(Required action)
Using the data that follows, output only the lines from the line with "Skilled technician operating" up to and including the line with "Calzature artigianali Made", exactly, leaving pictures aside.

(Given data)
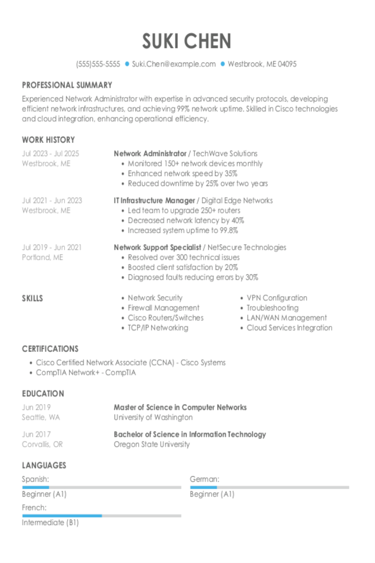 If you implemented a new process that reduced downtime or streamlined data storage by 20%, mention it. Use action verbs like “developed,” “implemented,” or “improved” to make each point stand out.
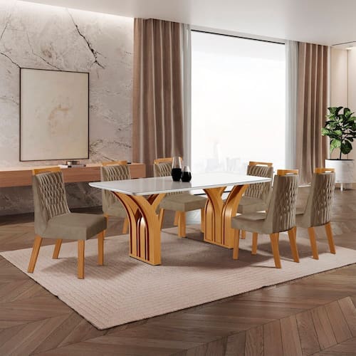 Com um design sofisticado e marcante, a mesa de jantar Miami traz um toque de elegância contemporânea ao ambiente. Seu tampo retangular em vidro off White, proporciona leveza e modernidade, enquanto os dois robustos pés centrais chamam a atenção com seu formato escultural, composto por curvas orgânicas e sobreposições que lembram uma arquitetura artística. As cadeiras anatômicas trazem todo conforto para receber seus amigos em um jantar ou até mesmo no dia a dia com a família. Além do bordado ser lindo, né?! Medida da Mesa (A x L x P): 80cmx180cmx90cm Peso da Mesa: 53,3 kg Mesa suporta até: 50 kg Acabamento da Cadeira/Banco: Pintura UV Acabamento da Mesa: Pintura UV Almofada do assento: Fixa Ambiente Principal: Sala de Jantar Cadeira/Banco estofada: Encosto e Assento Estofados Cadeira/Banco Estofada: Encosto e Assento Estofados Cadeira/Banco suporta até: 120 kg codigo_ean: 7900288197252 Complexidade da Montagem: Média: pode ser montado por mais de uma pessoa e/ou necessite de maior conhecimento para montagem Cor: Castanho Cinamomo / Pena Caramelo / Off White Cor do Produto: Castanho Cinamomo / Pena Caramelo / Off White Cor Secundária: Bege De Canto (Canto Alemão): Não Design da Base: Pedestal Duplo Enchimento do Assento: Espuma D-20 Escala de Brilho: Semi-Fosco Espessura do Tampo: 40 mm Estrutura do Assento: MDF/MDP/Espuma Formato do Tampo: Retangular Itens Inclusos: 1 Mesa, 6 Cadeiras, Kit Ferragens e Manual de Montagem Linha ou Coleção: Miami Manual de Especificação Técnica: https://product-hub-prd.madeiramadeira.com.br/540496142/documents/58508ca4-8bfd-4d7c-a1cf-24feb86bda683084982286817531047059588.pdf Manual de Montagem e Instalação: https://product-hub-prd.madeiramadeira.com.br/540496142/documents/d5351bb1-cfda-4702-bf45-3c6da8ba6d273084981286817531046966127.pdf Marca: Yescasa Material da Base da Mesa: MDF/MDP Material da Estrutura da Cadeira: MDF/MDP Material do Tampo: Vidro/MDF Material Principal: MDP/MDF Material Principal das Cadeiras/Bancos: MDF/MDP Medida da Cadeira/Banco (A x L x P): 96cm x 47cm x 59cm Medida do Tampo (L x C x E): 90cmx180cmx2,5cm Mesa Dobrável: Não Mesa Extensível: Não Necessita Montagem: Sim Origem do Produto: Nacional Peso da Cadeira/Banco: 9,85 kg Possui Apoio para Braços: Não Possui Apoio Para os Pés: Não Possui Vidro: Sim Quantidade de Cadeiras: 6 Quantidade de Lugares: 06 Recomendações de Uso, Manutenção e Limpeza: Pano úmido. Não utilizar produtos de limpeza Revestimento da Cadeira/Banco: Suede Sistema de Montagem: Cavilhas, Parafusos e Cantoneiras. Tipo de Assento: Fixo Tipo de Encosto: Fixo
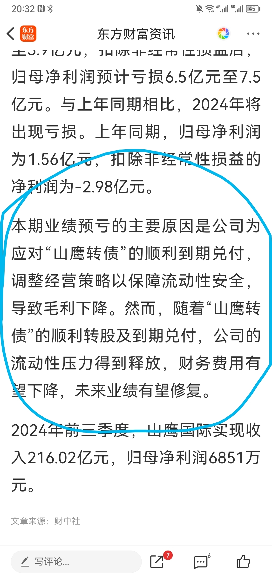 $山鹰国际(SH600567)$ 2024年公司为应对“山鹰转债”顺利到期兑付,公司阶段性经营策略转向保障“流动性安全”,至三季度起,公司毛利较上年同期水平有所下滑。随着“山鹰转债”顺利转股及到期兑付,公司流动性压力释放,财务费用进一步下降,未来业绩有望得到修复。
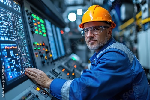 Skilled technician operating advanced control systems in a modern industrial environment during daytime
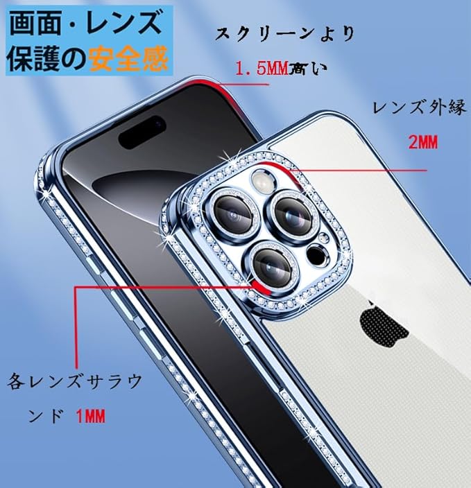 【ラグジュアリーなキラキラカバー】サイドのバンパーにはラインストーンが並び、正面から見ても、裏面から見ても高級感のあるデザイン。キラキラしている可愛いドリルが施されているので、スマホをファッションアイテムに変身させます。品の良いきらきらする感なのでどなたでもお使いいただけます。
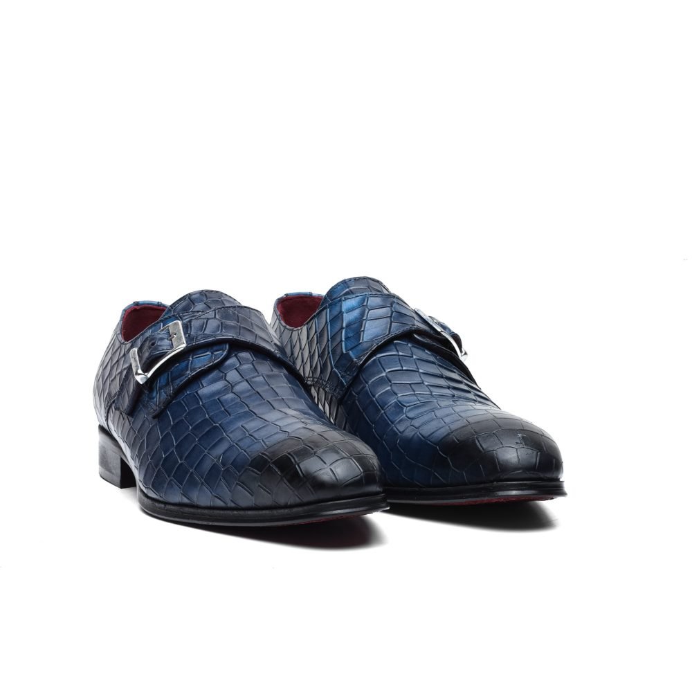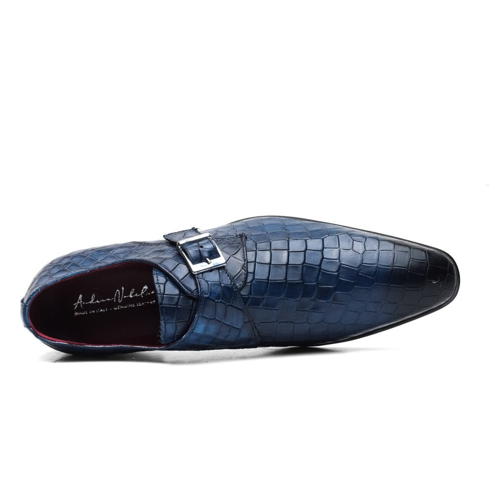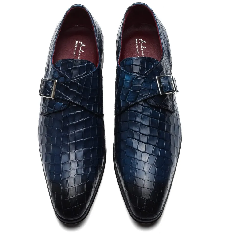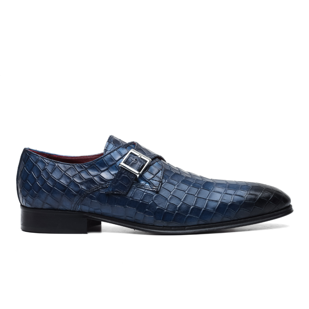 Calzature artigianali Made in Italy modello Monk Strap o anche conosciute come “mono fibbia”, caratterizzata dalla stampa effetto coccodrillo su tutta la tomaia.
---
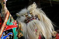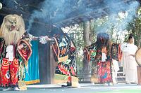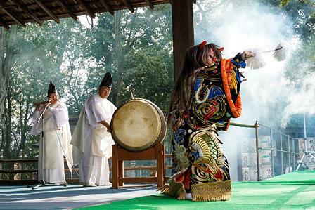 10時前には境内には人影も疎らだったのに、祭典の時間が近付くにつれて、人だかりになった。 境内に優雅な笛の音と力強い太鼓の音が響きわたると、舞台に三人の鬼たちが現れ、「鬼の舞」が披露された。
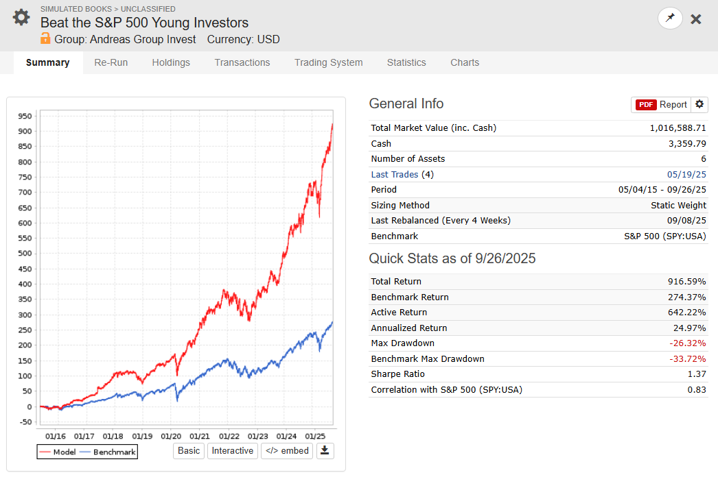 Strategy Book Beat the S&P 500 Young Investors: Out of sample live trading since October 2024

(Solution to this problem)
 Skilled technician operating advanced control systems in a modern industrial environment during daytime
 【ラグジュアリーなキラキラカバー】サイドのバンパーにはラインストーンが並び、正面から見ても、裏面から見ても高級感のあるデザイン。キラキラしている可愛いドリルが施されているので、スマホをファッションアイテムに変身させます。品の良いきらきらする感なのでどなたでもお使いいただけます。
 Calzature artigianali Made in Italy modello Monk Strap o anche conosciute come “mono fibbia”, caratterizzata dalla stampa effetto coccodrillo su tutta la tomaia.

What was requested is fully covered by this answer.